Myasthenia Gravis Summer From Now On
This summer I have planned to do nothing. Seriously, those are my plans. Do little to nothing. Many people don’t realize how difficult it is to do nothing. I used to view it as laziness but I’ve come to view it now as solace and restoration. It’s apart of my treatment plan: Self Care. On the rare chance I decide to do something, it will be another few weeks before I decide to do something else. I schedule in plenty of rest time.
One of the most annoying and frustrating things (for me) is that people who know about my diagnosis will still try to pressure me to do things. A couple of weeks ago my office had a picnic and I declined to go. Do you know that minutes before the event was supposed to start, people were still trying to persuade me to go? I’ve even had friends try to guilt me into doing things with them by making comments like I suck for declining their invites. If it’s outside in the sun or is scheduled too close to another event of mine I won’t be there. Sorry. I’m not going to risk my health to make you happy. Call it what you want, but call me at home ok?

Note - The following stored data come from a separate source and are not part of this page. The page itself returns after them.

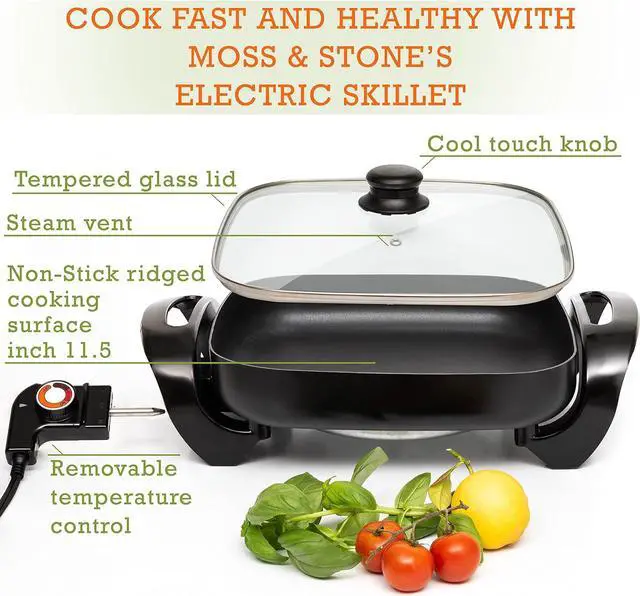 Special Housewarming Or Wedding Gift: Surprise your friends and relatives with the Moss & Stone professional-grade electric frying pan, which features an adjustable temperature controller from 200 to 425 degrees and a unique tilt leg that drains out the grease from your food as it cooks.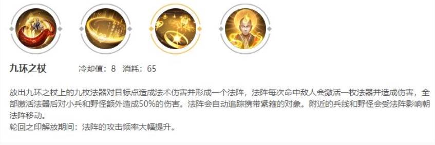 放出九环之杖上的九枚法器对目标点造成法术伤害并形成一个法阵,法阵每次命中敌人会激活一枚法器并造成伤害,全部激活法器后对小兵和野怪额外造成50%的伤害。法阵会自动追踪携带紧箍的对象。附近的兵线和野怪会受法阵影响朝法阵移动。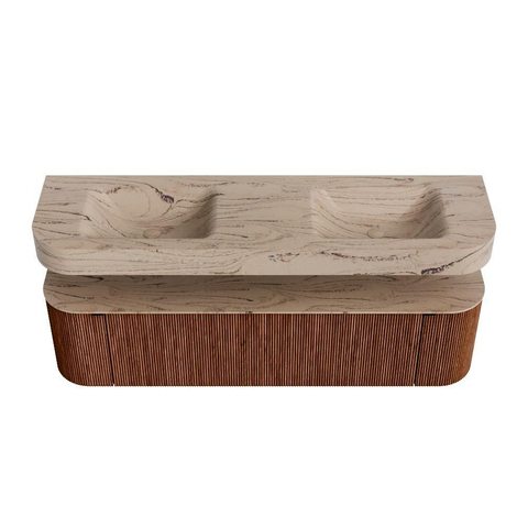 Natuurlijke materialen in warme tinten. De verticale ribbels brengen ritme en textuur in het ontwerp, terwijl het eikenhout zorgt voor een warme, ambachtelijke uitstraling. Kies uit 5 houttinten OAK, WALNUT, DUSK, SHADOW en RUBY zorgvuldig geselecteerde houtkleuren om zowel moderne als klassieke badkamers te verrijken.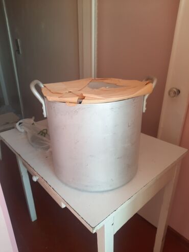 - Böyük alüminium qazan: qalın divarlı, iki möhkəm qulplu, kütləvi həcm üçün uyğundur (şorba, aş, mürəbbə və s.). Üstündə müvəqqəti örtük var.
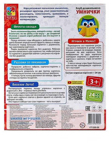 Сервис сравнения цен СкидкаГИД предлагает сравнить цены на товар «Игра Vladi Toys КД Умнички Фрукты-Овощи (VT1306-06)»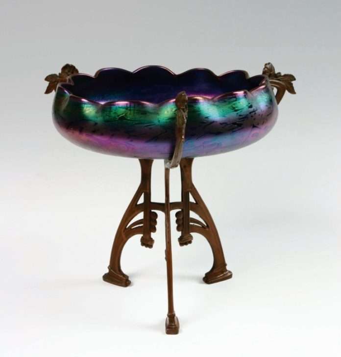 Herausragendes Jugendstilbeispiel: Schale mit Kupfermontierung, um 1900, aus der Manufaktur Johann Loetz Witwe

Lessons Learned about Summers with MG
Don’t get me wrong. I have my days when I suffer with major FOMO (fear of missing out). I see all of my friends having fun and living it up and it stirs up feelings of resentment towards my situation. But then I reflect back on last summer. It’s just not worth it.
Being able to recognize my limitations is a sign of growth and I’m super proud of myself. I’m not a hermit. If I was going to label it, I’d say I am just very selective in the events I participate in.
Can anybody else relate? What’s on your summer to do list? How do you manage your social calendar with your MG/autoimmune disease?